* Supplied records:
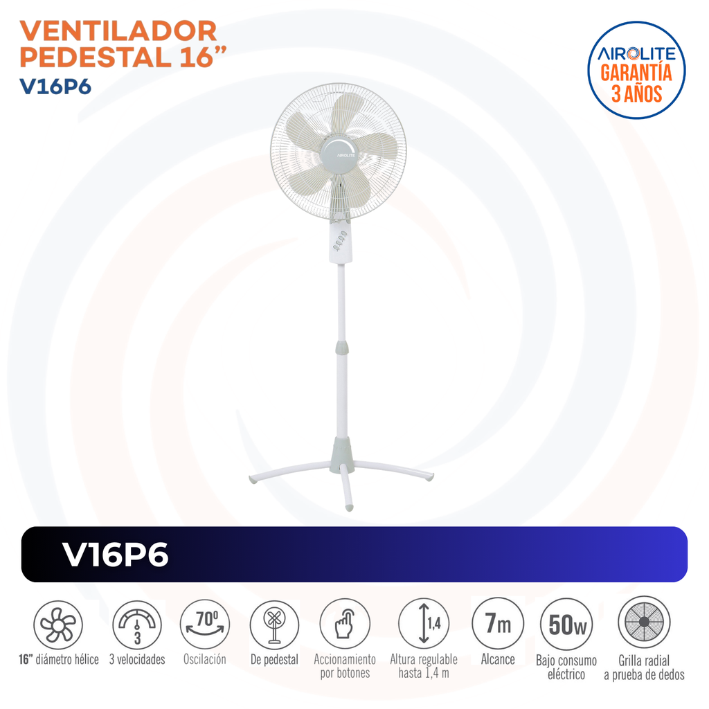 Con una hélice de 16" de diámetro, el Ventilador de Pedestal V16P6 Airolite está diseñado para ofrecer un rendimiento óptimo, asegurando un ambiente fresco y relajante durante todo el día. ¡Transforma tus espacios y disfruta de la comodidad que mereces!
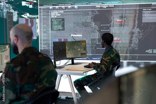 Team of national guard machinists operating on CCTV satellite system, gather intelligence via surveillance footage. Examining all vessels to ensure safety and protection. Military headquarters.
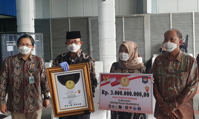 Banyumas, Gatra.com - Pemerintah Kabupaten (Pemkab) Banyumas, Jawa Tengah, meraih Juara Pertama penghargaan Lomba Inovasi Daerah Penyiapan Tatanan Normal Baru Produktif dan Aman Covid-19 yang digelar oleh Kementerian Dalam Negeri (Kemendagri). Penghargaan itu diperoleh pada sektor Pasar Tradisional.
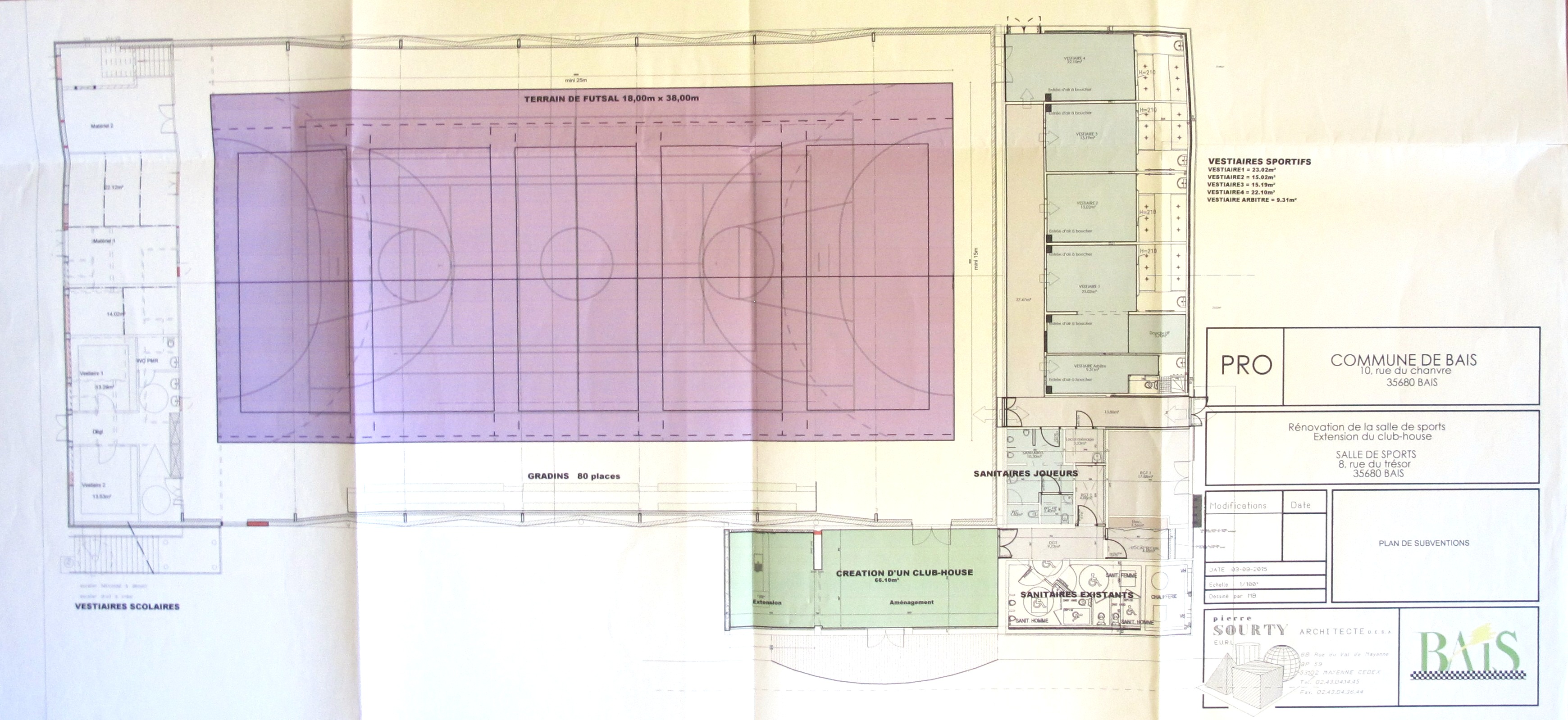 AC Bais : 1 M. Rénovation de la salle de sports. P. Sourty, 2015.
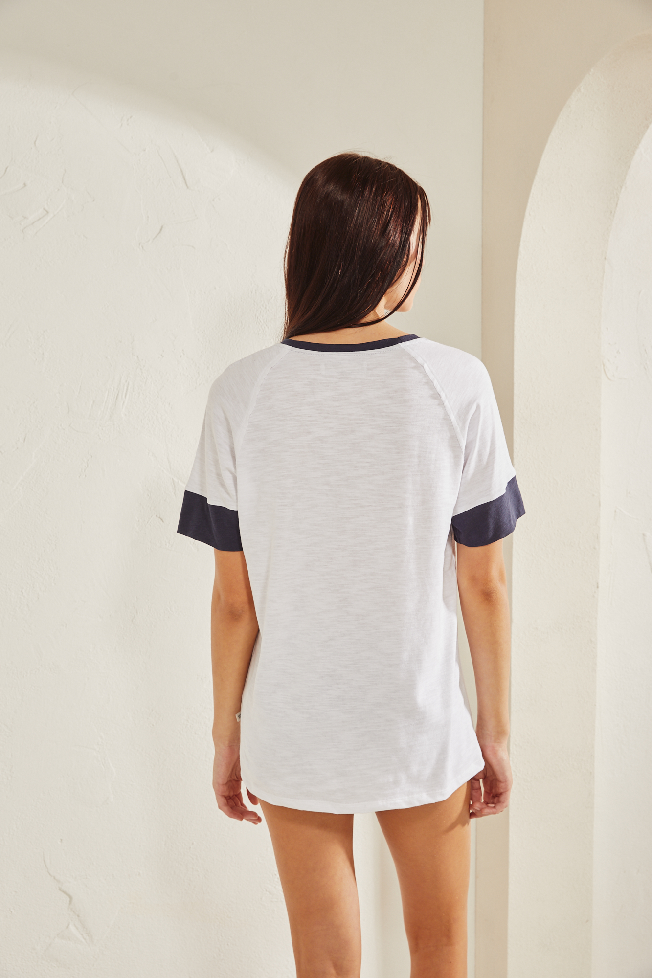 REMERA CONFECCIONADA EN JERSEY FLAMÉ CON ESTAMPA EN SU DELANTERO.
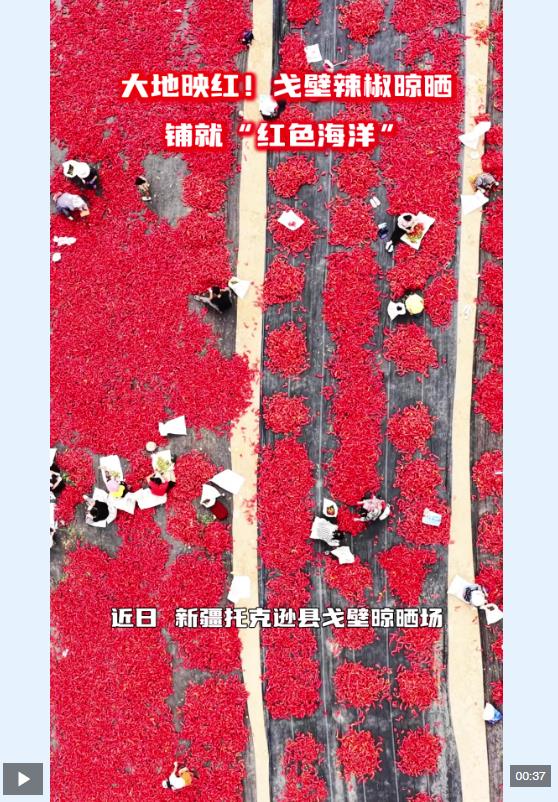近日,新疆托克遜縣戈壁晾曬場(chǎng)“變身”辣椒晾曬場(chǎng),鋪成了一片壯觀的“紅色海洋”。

--

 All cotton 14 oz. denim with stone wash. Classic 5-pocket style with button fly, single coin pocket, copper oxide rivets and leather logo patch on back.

* Problem details: Start at the line above containing "AC Bais : 1" and stop at the line containing "近日,新疆托克遜縣戈壁晾曬場": print those lines and everything between them exactly, but not the pictures.

* Solved problem:
 AC Bais : 1 M. Rénovation de la salle de sports. P. Sourty, 2015.
 REMERA CONFECCIONADA EN JERSEY FLAMÉ CON ESTAMPA EN SU DELANTERO.
近日,新疆托克遜縣戈壁晾曬場(chǎng)“變身”辣椒晾曬場(chǎng),鋪成了一片壯觀的“紅色海洋”。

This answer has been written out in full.